Cały Microsoft. Naturalnie zawsze znajdzie się ktoś, komu nic takiego się nie przydarzyło i będzie mię tu oskarżał o wpis sponsorowany lub co gorsza, o współpracę z, a tfu, Spiderswebem. :smile:

1 polubienie

No to ja miałem PS3, PS4 i teraz PS4 PRO i zdarzały się czasem takie kwiatki, że miałem ochotę pizgnąć konsolą o ścianę. Może po prostu nie mam szczęścia do elektroniki? :man_shrugging:

Spróbuj przytulić i pogłaskać :slight_smile:

Do Playstation to jeszcze mogę spróbować, ale co będzie, jeśli mnie ktoś zobaczy tulącego się do sprzętu Microsoftu? Przecież mnie wyrzucą z klubu fanbojów Apple!

1 polubienie

Fanboje Apple gardzą grami. Nie martw się.

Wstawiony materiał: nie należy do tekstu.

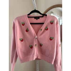 Pink Strawberry Embroidered Cardigan – WOWO | Soft Cottagecore Knit Large

Często na Xboksie są takie cyrki? Po Windows Update wiem do czego zdolny jest Microsoft i jeśli to jest tak nieużywalne jak PlayStation to sobie dam spokój. Gram rzadko i cenię sobie równowagę psychiczną.

W ogóle to bardzo mnie dziwi jak dużo jest aplikacji (np. Prime Video czy NowTV) czy usług (PlayStation Network czy icloud na Windows), które są praktycznie nieużywalne, a rzadko się słyszy żeby ktoś na nie narzekał.

Ciekawe co piszesz. Ja nie miałem takich problemów, chociaż okazjonalnie wyskakiwały jakieś pojedyncze błędy, które rozwiązywało ponowne uruchomienie.

Pada z niesymetrycznych gałkami uwielbiam.